◆ **Task objective**
If a picture appears in the records, leave it out and transcribe the rest exactly.

◆ **Provided information**
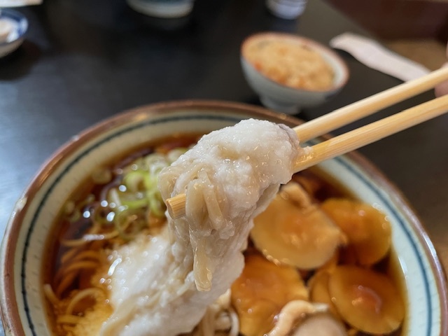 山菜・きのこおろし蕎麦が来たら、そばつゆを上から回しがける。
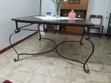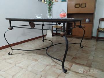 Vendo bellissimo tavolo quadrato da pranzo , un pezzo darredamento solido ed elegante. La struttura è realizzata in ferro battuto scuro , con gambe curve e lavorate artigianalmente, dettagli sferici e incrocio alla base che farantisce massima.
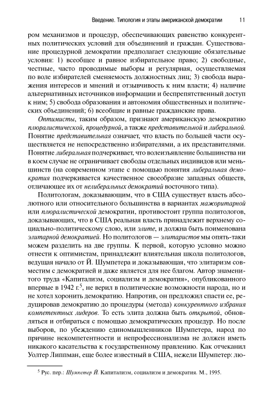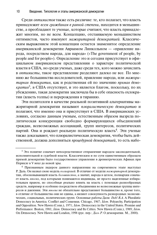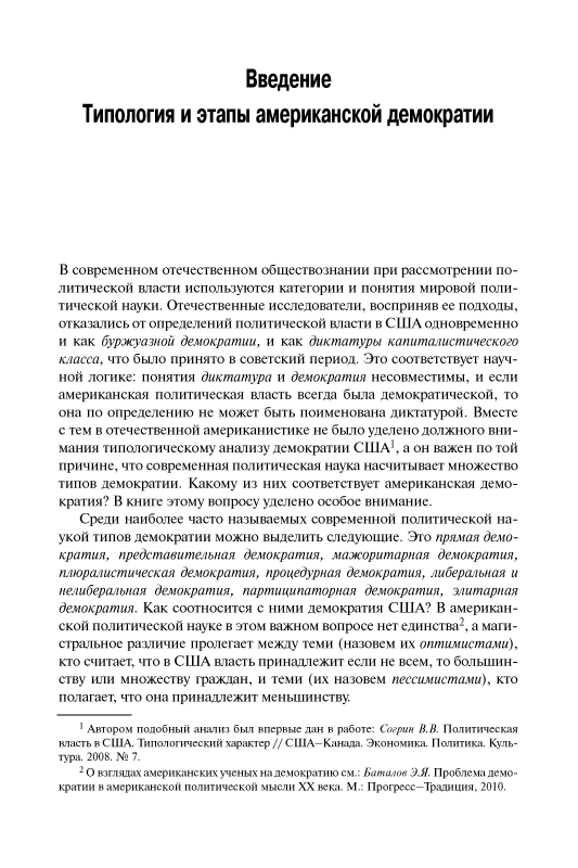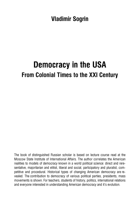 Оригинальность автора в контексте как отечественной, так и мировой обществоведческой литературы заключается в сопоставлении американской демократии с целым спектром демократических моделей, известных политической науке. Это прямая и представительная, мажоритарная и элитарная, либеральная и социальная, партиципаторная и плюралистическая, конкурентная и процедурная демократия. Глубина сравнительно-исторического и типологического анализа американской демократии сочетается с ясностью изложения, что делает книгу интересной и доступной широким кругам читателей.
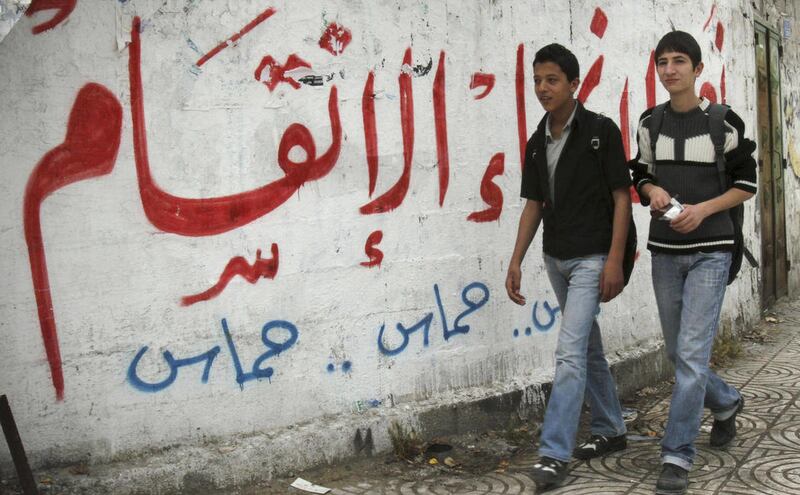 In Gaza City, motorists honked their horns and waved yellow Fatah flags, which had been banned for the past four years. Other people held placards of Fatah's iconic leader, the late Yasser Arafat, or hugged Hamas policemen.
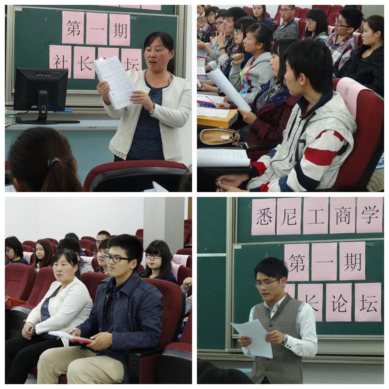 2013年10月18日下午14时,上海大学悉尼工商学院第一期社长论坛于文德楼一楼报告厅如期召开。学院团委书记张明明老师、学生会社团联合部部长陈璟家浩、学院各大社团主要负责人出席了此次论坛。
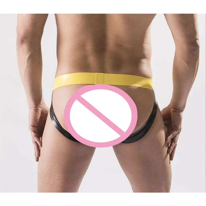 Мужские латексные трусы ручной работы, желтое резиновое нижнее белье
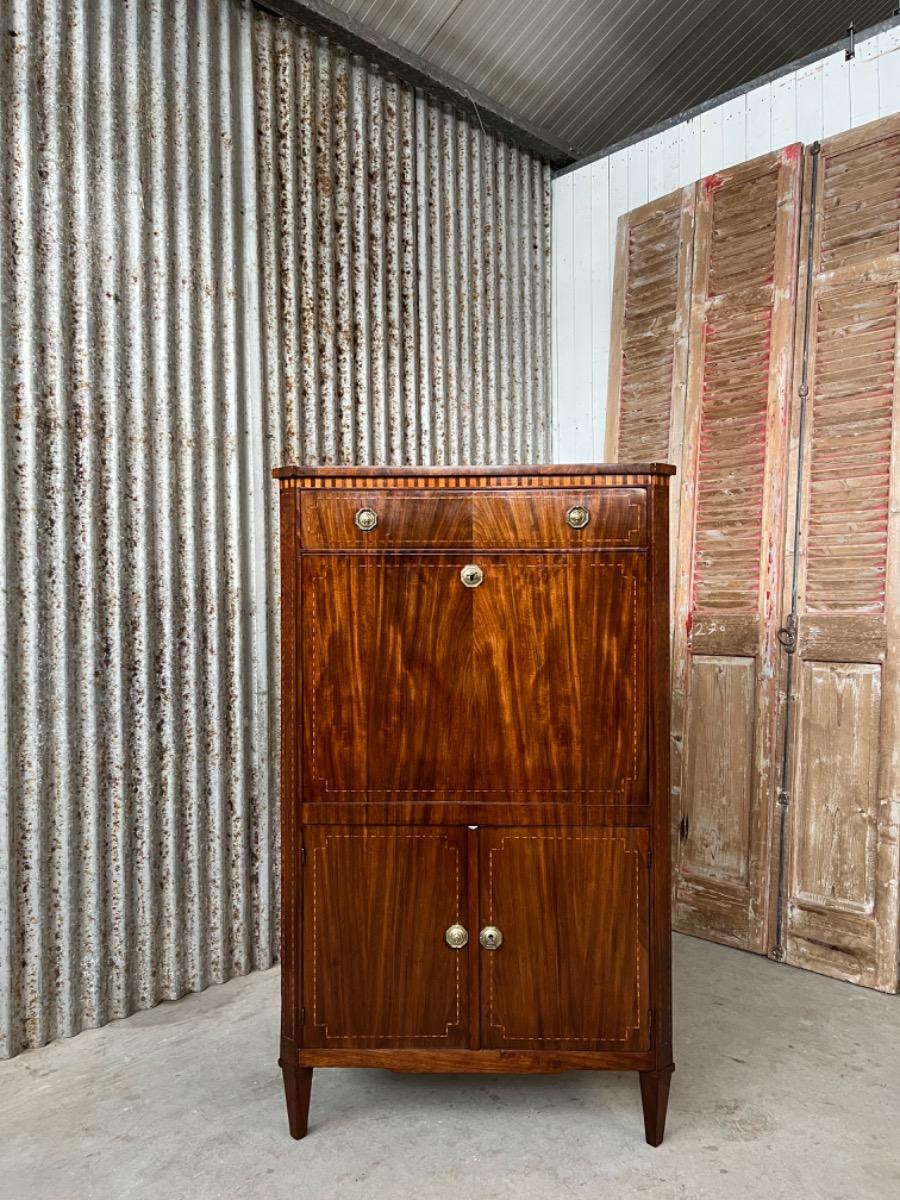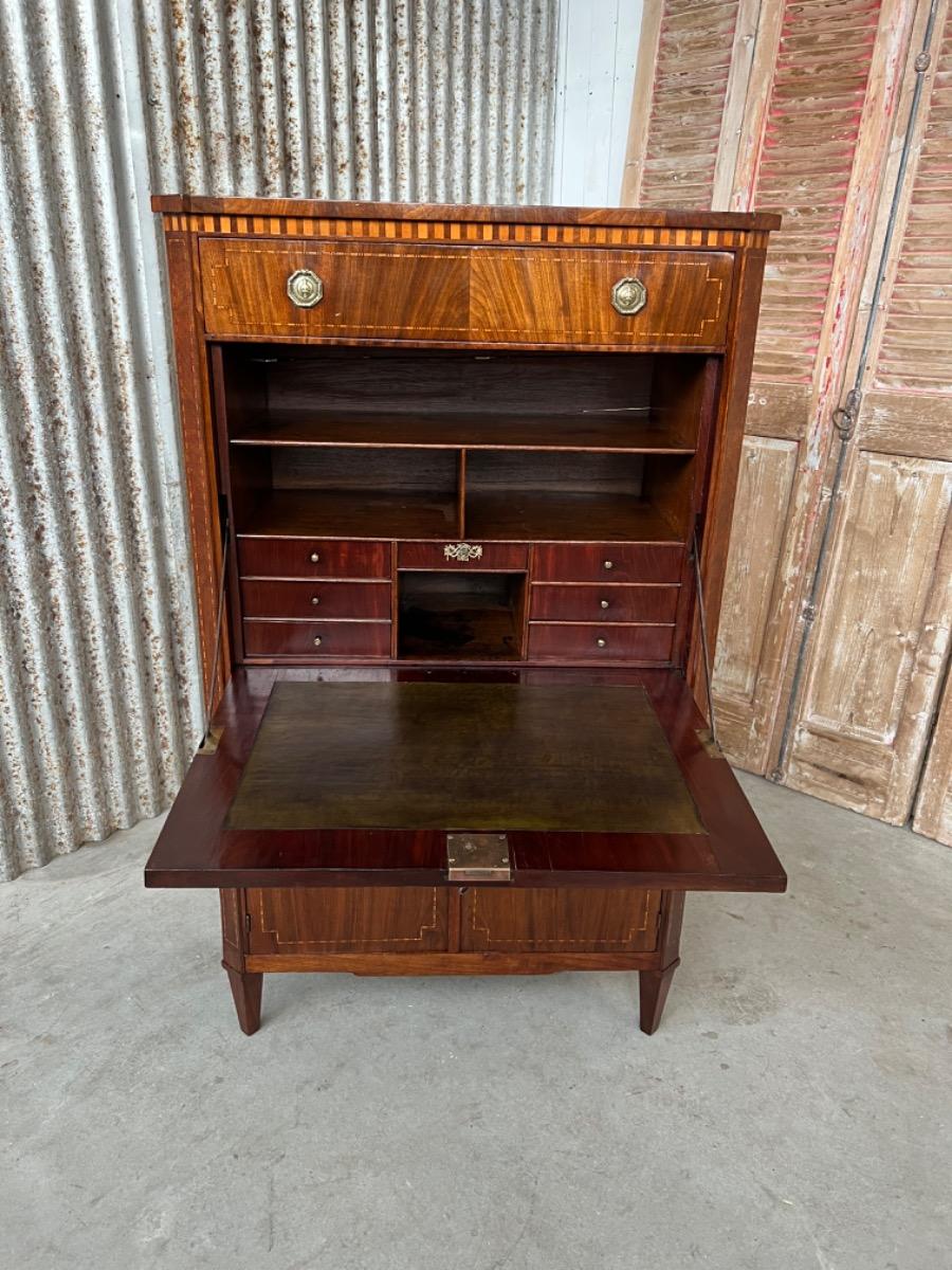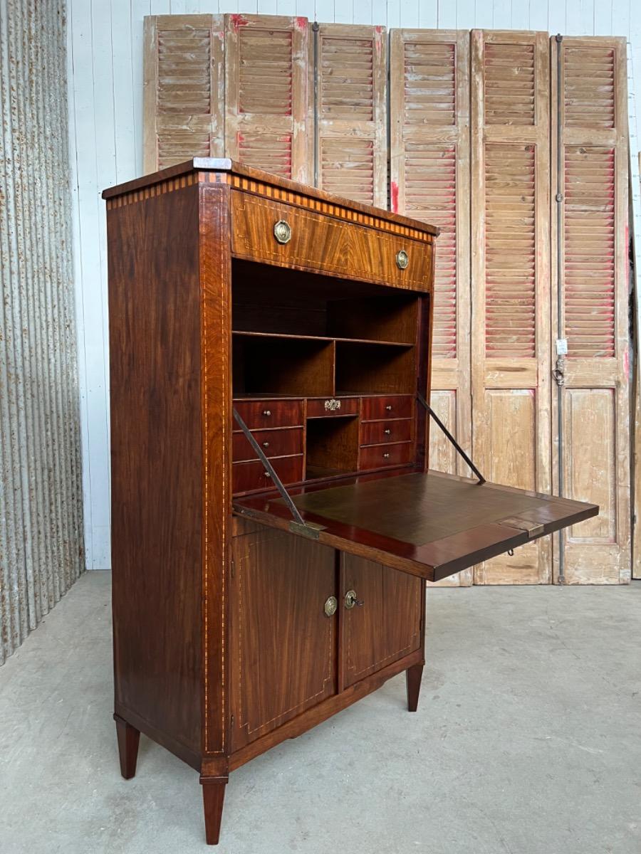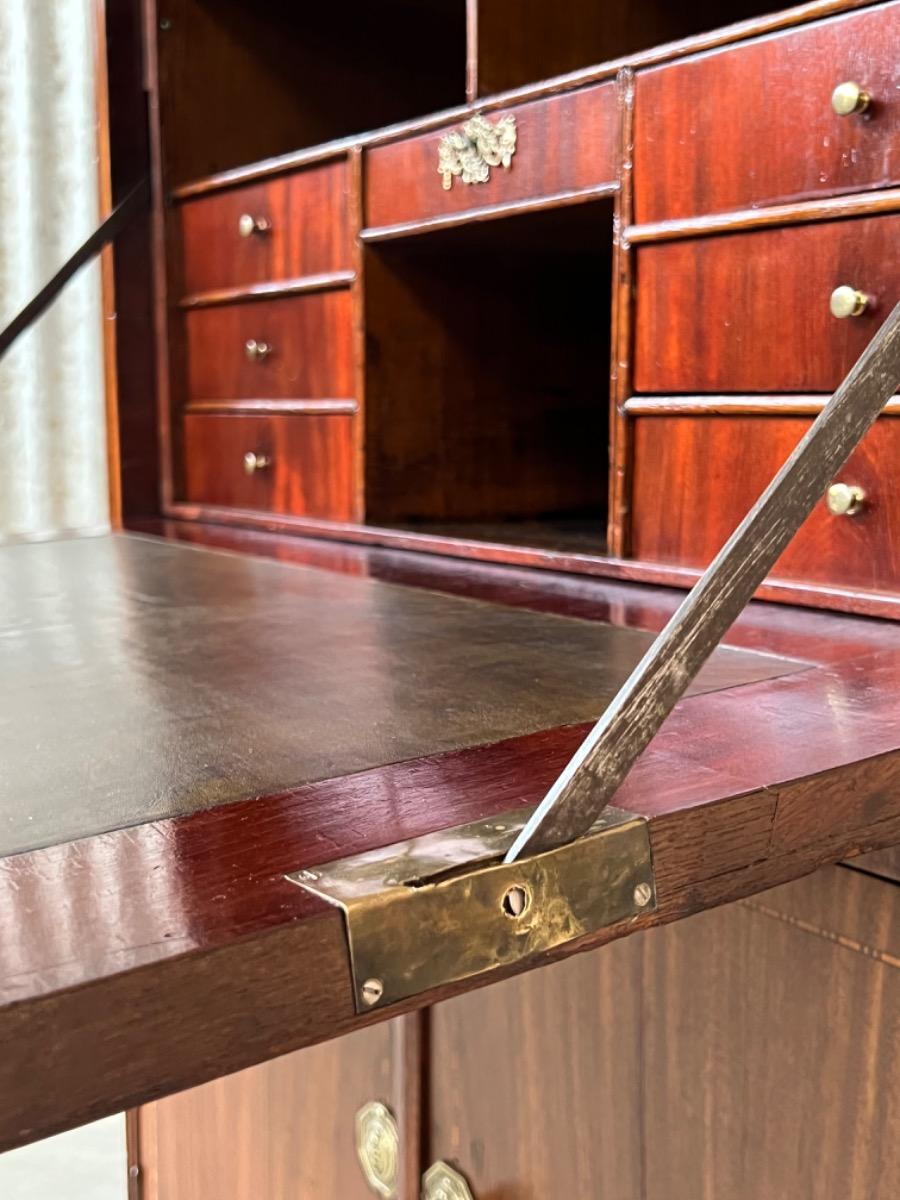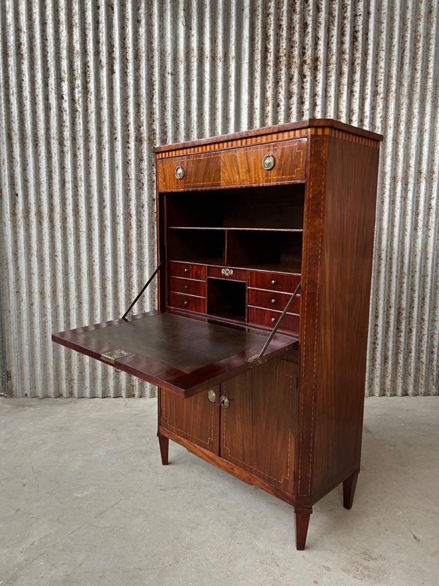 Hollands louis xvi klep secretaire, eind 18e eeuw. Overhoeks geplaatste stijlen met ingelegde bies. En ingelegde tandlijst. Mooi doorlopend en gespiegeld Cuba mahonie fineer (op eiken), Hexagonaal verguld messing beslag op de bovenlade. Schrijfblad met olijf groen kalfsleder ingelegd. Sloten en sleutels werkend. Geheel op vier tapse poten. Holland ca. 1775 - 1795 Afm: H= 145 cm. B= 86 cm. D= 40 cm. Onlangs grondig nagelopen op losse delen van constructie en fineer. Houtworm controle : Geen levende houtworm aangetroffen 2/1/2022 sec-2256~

◆ **The answer**
 山菜・きのこおろし蕎麦が来たら、そばつゆを上から回しがける。
 Vendo bellissimo tavolo quadrato da pranzo , un pezzo darredamento solido ed elegante. La struttura è realizzata in ferro battuto scuro , con gambe curve e lavorate artigianalmente, dettagli sferici e incrocio alla base che farantisce massima.
 Оригинальность автора в контексте как отечественной, так и мировой обществоведческой литературы заключается в сопоставлении американской демократии с целым спектром демократических моделей, известных политической науке. Это прямая и представительная, мажоритарная и элитарная, либеральная и социальная, партиципаторная и плюралистическая, конкурентная и процедурная демократия. Глубина сравнительно-исторического и типологического анализа американской демократии сочетается с ясностью изложения, что делает книгу интересной и доступной широким кругам читателей.
 In Gaza City, motorists honked their horns and waved yellow Fatah flags, which had been banned for the past four years. Other people held placards of Fatah's iconic leader, the late Yasser Arafat, or hugged Hamas policemen.
 2013年10月18日下午14时,上海大学悉尼工商学院第一期社长论坛于文德楼一楼报告厅如期召开。学院团委书记张明明老师、学生会社团联合部部长陈璟家浩、学院各大社团主要负责人出席了此次论坛。
 Мужские латексные трусы ручной работы, желтое резиновое нижнее белье
 Hollands louis xvi klep secretaire, eind 18e eeuw. Overhoeks geplaatste stijlen met ingelegde bies. En ingelegde tandlijst. Mooi doorlopend en gespiegeld Cuba mahonie fineer (op eiken), Hexagonaal verguld messing beslag op de bovenlade. Schrijfblad met olijf groen kalfsleder ingelegd. Sloten en sleutels werkend. Geheel op vier tapse poten. Holland ca. 1775 - 1795 Afm: H= 145 cm. B= 86 cm. D= 40 cm. Onlangs grondig nagelopen op losse delen van constructie en fineer. Houtworm controle : Geen levende houtworm aangetroffen 2/1/2022 sec-2256~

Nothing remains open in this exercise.